Dampak lain adalah penurunan partisipasi masyarakat dalam kegiatan pembangunan. Sebelumnya, dapen menjadi sarana untuk menggerakkan masyarakat berpartisipasi dalam pembangunan desa. Tanpa program ini, banyak masyarakat merasa kehilangan arah dalam membangun desa mereka.
Respon Pemerintah
Pemerintah menegaskan bahwa penutupan dapen bukan berarti penghentian pembangunan di desa-desa tersebut. Sebaliknya, pemerintah berencana mengalokasikan anggaran melalui program yang lebih terintegrasi. "Kami tidak menghentikan pembangunan, tetapi mengubah cara pendekatannya. Kini pembangunan desa lebih berfokus pada penguatan kapasitas masyarakat dan desa mandiri," ujar Pejabat Kementerian Desa, Pembangunan Daerah Tertinggal, dan Transmigrasi.
Pemerintah juga berencana melakukan evaluasi menyeluruh terhadap dampak penutupan dapen. Evaluasi ini bertujuan untuk memastikan bahwa masyarakat tidak terdampak negatif dan pembangunan berkelanjutan tetap terwujud.
Masa Depan Desa Pembangunan
Menyusul tren penutupan dapen, banyak pihak mempertanyakan masa depan program ini.
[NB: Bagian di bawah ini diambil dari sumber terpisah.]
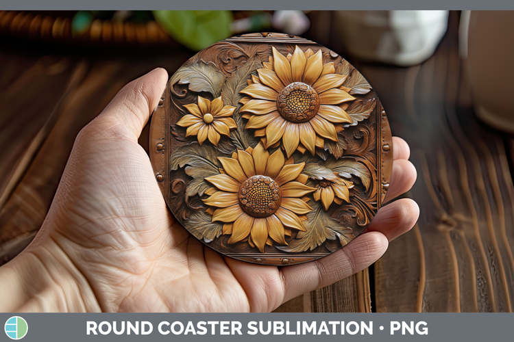 Similar Design Products to BS01 Tooled Leather Sunflower Round Coaster Sublimation Coas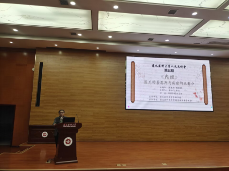 为了弘扬中医文化、传播中医经典、传承中医技艺,营造读经典、学新知的校园氛围,tyc5997太阳集团于2023年9月21日晚上7点在人文楼道德讲堂开展了“人文大讲堂”主题系列讲座第五期——《〈黄帝内经〉:医工的善恶判断与病症的正邪辨别》。本次讲座由tyc5997太阳集团主办,tyc5997太阳集团团委员工会承办,人文医学研究中心袁永飞博士主讲,tyc5997太阳集团卫生管理学教研室主任楚亚林副教授主持。
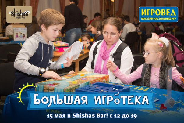 Приглашаем всех на Большую игротеку, которая состоится в Shishas Bar! Вас ждёт море замечательных настольных игр, интересные новинки, жаркие турниры и, конечно, лотерея с призами!Стоимость: бесплатно!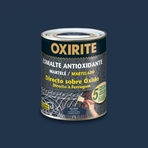 Oxirite 5 años Martelé es un esmalte antioxidante de aplicación directa sobre las superficies de hierro o acero, ya sean nuevas u oxidadas, sin necesidad de utilizar ninguna imprimación previa. Proporciona una excelente protección contra la corrosión y un atractivo acabado martelé. Para interior o exterior. Muy fácil de aplicar. Es tixotrópico y no gotea. La nivelación y la cubrición son excelentes. Gran dureza y resistencia a los golpes y a la abrasión. Sin plomo ni cromatos. Secado al tacto 60 minutos. Rendimiento aproximado de 4,5 m²/L según la superficie y el método de aplicación ya sea a brocha, rodillo de pelo corto y pistola. Limpieza de utensilios con disolventes. Colores disponibles en blanco, negro, gris, gris plata, verde medio, verde oscuro, azul oscuro, rojo, marrón, dorado, bronce y cobre.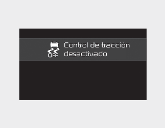 Pulse el botón ESC OFF durante más de 3 segundos. El testigo indicador ESC OFF se encenderá, aparecerá un mensaje y sonará una señal acústica de aviso de ESC OFF. En este estado, la función de control del motor y la función de control de los frenos no están operativas. En otras palabras, la función de control de estabilidad del vehículo no está operativa.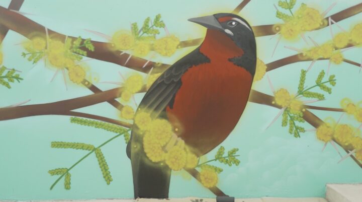 El artista local Luis Cáceres (alias Artek) plasmó en el recinto el trabajo de muralismo “Loica y Espino”, obra que busca concientizar y educar sobre la naturaleza local.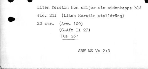 //// Liten Kerstin hon säljer sin sidenkappa blå //// ^ sid. 231 (Liten Kerstin stalldräng) //// 22 str. (Arw. 109) //// (G.Afz II 27) //// DGF 267 //// ARW MS Vs 2:3 ////

Beberapa ahli berpendapat bahwa model dapen perlu diubah daripada dihilangkan sepenuhnya. "Daripada menghapus status dapen, lebih baik memperkuat program ini dengan pendekatan yang lebih inklusif dan berkelanjutan," ujar seorang sosiolog dari Universitas Indonesia.
Pihak lain mengusulkan agar program serupa tetap dipertahankan namun dengan fokus yang berbeda. Sebagian besar setuju bahwa pembangunan desa harus terus berjalan, namun dengan pendekatan yang lebih demokratis dan melibatkan partisipasi masyarakat secara lebih efektif.
Sementara itu, masyarakat di desa yang status dapennya dicopot berharap pemerintah dapat memberikan solusi yang konkret. "Kami tidak meminta banyak, hanya agar pembangunan tidak berhenti di tengah jalan karena perubahan kebijakan yang tiba-tiba," ujung seorang tokoh masyarakat dari desa di Kalimantan Timur.
Penutupan 58 dapen dalam enam tahun terakhir menunjukkan pergeseran paradigma dalam pembangunan desa di Indonesia. Namun, tantangan besar bagaimana memastikan bahwa perubahan ini tidak meninggalkan keterbelakangan di daerah-daerah yang masih membutuhkan perhatian khusus.